Referring to fig. 1-2, an embodiment of the present invention provides an online monitoring system based on transmission line automation, including:

the contact map module is a graphic system and is used for dividing the distribution network equipment into three layers for hierarchical display;

it should be noted that the contact map module is the basis for regulating all data carriers and all functions of the integrated system.

The DMS1000E module is connected with the output end of the contact map module and is used for combining the three-remote technology, the CC2000 system and the contact map module together and analyzing real-time data of the equipment to complete monitoring of the distribution network equipment and the network;

the fault rapid processing module is connected with the output end of the DMS1000E module and is used for analyzing suspected faults monitored by the system, judging the fault range and providing strategies for isolating the faults and transferring power supply of equipment and loads in a non-fault range for a dispatcher;

it should be noted that, the dispatcher audits the policy to determine whether to execute the policy, and if the devices operated by the policy are all remotely controllable devices, one-key isolation can be implemented, that is, the policy is automatically remotely controlled according to the order of the policies or the dispatcher audits the modified policies, and a popup prompt is performed after the policies are successfully executed.
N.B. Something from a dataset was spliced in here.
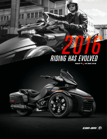 2016 RIDING HAS EVOLVED 1 THE EVOLUTION OF RIDING CONTINUES We can live our lives in anticipation of the destination, or we can experience the adventure of getting there. We can sit idle, waiting to arrive or we can open the throttle and enjoy the twists, the turns and the open-air exhilaration of it all. The destination has been given a purpose. The journey has evolved. 2 3 F3 SPYDER EXHILIRATION, HOWEVER YOU LIKE IT. Presenting the 2016 Can-Am ® Spyder ® line-up featuring the new Spyder F3-T and Spyder F3 Limited. RT SPYDER AWARD-WINNING DESIGN The Spyder F3 has been named a 2015 Red Dot award winner for demonstrating exceptional product design and innovation. The Red Dot awards recognize the finest designs across many product categories and this recognition underscores our commitment to designing world-class recreational products. CONVENIENT TEST DRIVES Nothing compares to the feeling of riding a Can-Am Spyder. And it’s never been easier to experience— whether at a dealer or at a demo event. Visit CanAmSpyder.com for a calendar of upcoming events. EASY LICENSING RS SPYDER While there are a few exceptions, simplicity is the rule. Generally, licensing can be completed in one day, using the Can-Am Spyder for the road test. Information on regional license requirements is available at CanAmSpyder.com. A STRONG COMMUNITY F3-T SPYDER From group rides to online discussions, the large and active community of Can-Am Spyder owners offers new riders support, advice and camaraderie. Facebook, Twitter, Instagram and forums are good ways to connect with the community. * TO LEARN MORE OR TO SCHEDULE A TEST RIDE, VISIT CANAMSPYDER.COM ST SPYDER FROM A TRUSTED NAME Built by BRP, every Can-Am Spyder shares its DNA with some of the most exciting, innovative and reliable names in powersports—Ski-Doo ® snowmobiles, Sea-Doo ® watercraft, Can-Am ATVs and side-by-side vehicles, Evinrude ® outboards, and Rotax® engines. *Shown with accessories 4 5 WHERE CONVENTION ENDS, THE ULTIMATE JOURNEY BEGINS. When you ride a Can-Am Spyder F3, the destination becomes the ride itself; a one-of-a-kind experience in open-air riding. A cruising riding position, low center of gravity and performance-calibrated Vehicle Stability System provide dynamic handling and great cornering, while ensuring unprecedented control. The Rotax 1330 ACE™ engine offers the power, torque and signature exhaust note guaranteed to make every journey exhilarating. 6 7 SPYDER F3 KEY FEATURES: Rotax 1330 ACE In-Line 3-Cylinder Engine Semi-Automatic or Manual 6-Speed Transmission with reverse STEEL BLACK METALLIC Stability Control, Traction Control and Anti-Lock Brakes Dynamic Power Steering UFit system High-Performance Brembo† Braking System Gas-charged FOX† PODIUM† Shocks Anti-Theft System 6.5 Gallons (24.4 L) of Cargo Space 6-Spoke Metallic Silver Front Wheels SPYDER F3-S ALL SPYDER F3 FEATURES, PLUS: Distinctive “S” Trim Signature Machined, Deep Black High Gloss Front Wheels PEARL WHITE Black Suede Seat with Red Stitching Refined Front Fenders with LED Lights Cruise Control PURE MAGNESIUM METALLIC WITH CAN-AM RED FRAME CAN-AM RED SOLID GLOSS Also available in Special Series MONOLITH BLACK SATIN 8 9 New for 2016, the Can-Am Spyder F3-T and F3 Limited offer greater freedom and flexibility. Loaded with comfort and convenience features, both models blend performance with practicality and feature extra cargo space for longer rides. SPYDER F3-T ALL SPYDER F3-S FEATURES, PLUS: And to make the journey as comfortable as possible, all Spyder F3 models also feature the exclusive UFit system, allowing the rider to adjust the riding position to find a truly customized fit, feel and riding experience SACHS† Big-Bore Shocks Integrated Hard Side Luggage for a total vehicle cargo capacity of 21 Gallons (78 L) Convenience Console including Glove Box, Tinted Windshield and Integrated Rear-View Mirror Machined, Deep Black High Gloss Front Wheels Premium Color Digital Gauge Trailer Ready Optional 4-Speaker Audio System with USB Port PEARL WHITE STEEL BLACK METALLIC PURE MAGNESIUM METALLIC WITH CAN-AM RED FRAME INTENSE RED PEARL SPYDER F3 LIMITED ALL SPYDER F3-T FEATURES, PLUS: 4-Speaker Audio System with USB Port Rider Heated Grips PEARL WHITE Rider Footboards Limited Trim Signature Seat Shamrock Chrome Front Wheels STEEL BLACK METALLIC Additional Pieces in Chrome INTENSE RED PEARL Also available in Special Series MONOLITH BLACK SATIN *Spyder F3-T shown with accessories 10 11 INTRODUCING THE 2016 CAN-AM SPYDER SPECIAL SERIES IN TRIPLE BLACK. Embrace the darkness with the limited-production Special Series Spyder F3-S, F3 Limited and RT-S. Featuring exclusive Triple Black coloration and graphics, unique six-spoke front wheels in black chrome and a signature seat. Reserve yours before they disappear. 12 13 U-FIT U-FIT DRAG BAR Part of the UFit System. Race-inspired straight bar is wide and more forward for a more aggressive riding position or tall drivers. UNIQUE BEGINS WITH U Create a Can-Am Spyder that’s as unique as you are. Let our exclusive 4U guide kick start your customization. Choose and cruise. As easy as 1-2-3-4. Now you can tailor your Can-Am Spyder to fit you like a dream. Tweak and adjust the fit that lets you truly connect with your ride. It’s all about comfort and enjoying every stretch and curve of the road to freedom. U-FUNCTION Every outing is different and that’s part of the fun. Customize your Can-Am Spyder for the way you usually ride, and thanks to our easy-to-add or -remove integrated accessories, you can adjust as you need. Is it a solo or 2-up trip today? Stripped down or fully loaded? It’s your journey— do it your way. U-STYLE Personalization speaks volumes about who you are, and our custom accessories let you say it with added sophistication and style. Don’t just embrace your inner self, make a statement. U-PERFORMANCE Unleash the untapped power and handling of your Can-Am Spyder with our performance-boosting

And the intelligent billing module is connected with the output end of the contact diagram module and is used for simulating manual billing of the corresponding power outage and restoration instruction ticket according to the application form, the real-time distribution network operation mode, the commonly used terms and power outage and restoration logic which are input into the database in advance and the billing rule.

Furthermore, a first layer of the three layers is a transformer substation index diagram, a second layer of the three layers is a transformer substation internal wiring diagram, and a third layer of the three layers is a diagram dividing an electrical structure connected with a feeder according to an N-1 hand power into 494 Zhang Lianlao.

It should be noted that, in order to ensure the uniqueness of the devices, each device appears on only one contact diagram, when the standby switching device is encountered, there are two power connection points, and when the two power connection points belong to two different contact diagrams respectively, it is reasonable that the standby switching device is drawn on any one of the two contact diagrams, and the standby switching device is placed according to the graph friendliness in principle.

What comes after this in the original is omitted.